Meaningful Care Matters has awarded accreditation to a trio of care homes in England following the successful implementation of its person-centred care models.
Surrey’s Huntington House and Langham Court, which make up the Huntington & Langham Estate, received recognition for establishing ‘The Dragonfly Approach’ and ’The Butterfly Approach’ respectively, while Cornwall’s Beaumont Court received accreditation for fostering The Butterfly Approach.
The Huntington & Langham Estate, near Haslemere, combines two specialist family-run care homes offering high-quality residential, nursing, respite, day care, and dementia care amid 30 acres of gardens and woodland.

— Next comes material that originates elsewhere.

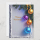 Diseño de Navidades festivos con un marco ornamentado, baubles coloridos y ramas siempre verdes. Perfecto para decoraciones de temporada, invitaciones de vacaciones o saludos festivos.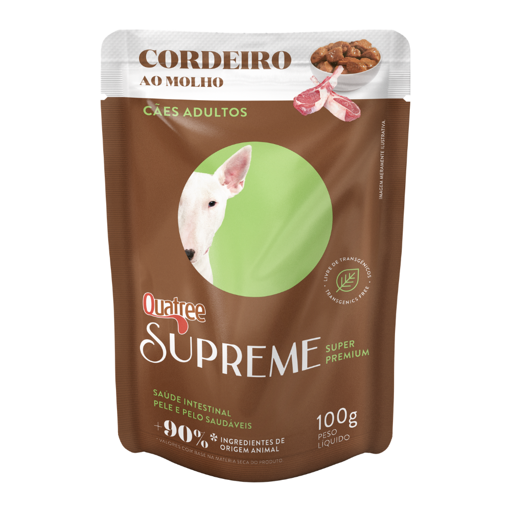 A Ração Úmida Quatree Supreme Cordeiro para Cães Adultos é uma opção de alimentação completa e balanceada, desenvolvida para ser servida diariamente ao seu querido companheiro de quatro patas. Elaborada com cuidado e qualidade, essa ração é feita a partir de ingredientes selecionados que passam por um delicado processo de cozimento a vapor, resultando em uma textura macia e uma experiência diferenciada para o seu pet.

Beaumont Court, a dementia care home near Launceston, was described by Meaningful Care Matters as having an outstanding service with a model of care that provides a meaningful engagement experience.
The Butterfly Approach focuses on creating a person-centred care culture where people are ‘free to be me’.
The model values emotional intelligence, domestic household living, and the core belief that everyone living with a dementia has a unique story that has meaning and matters.
Similar to the Butterfly model, The Dragonfly Approach is for all care cultures, not just dementia-specific. The model focuses on palliative care and hospice services, mental health, learning disability, and generalist health and social care settings.
“These accreditations highlight the outstanding work being done to transform the cultures of social care settings,” said Meaningful Care Matters managing director Peter Bewert.
“Ultimately, we want to create places where overall wellbeing is increased, staff practice is reinvigorated, and safeguarding, mandatory reporting, and staff turnover is reduced. It’s coming back to the art and heart of care, where people, and moments, matter,” he added.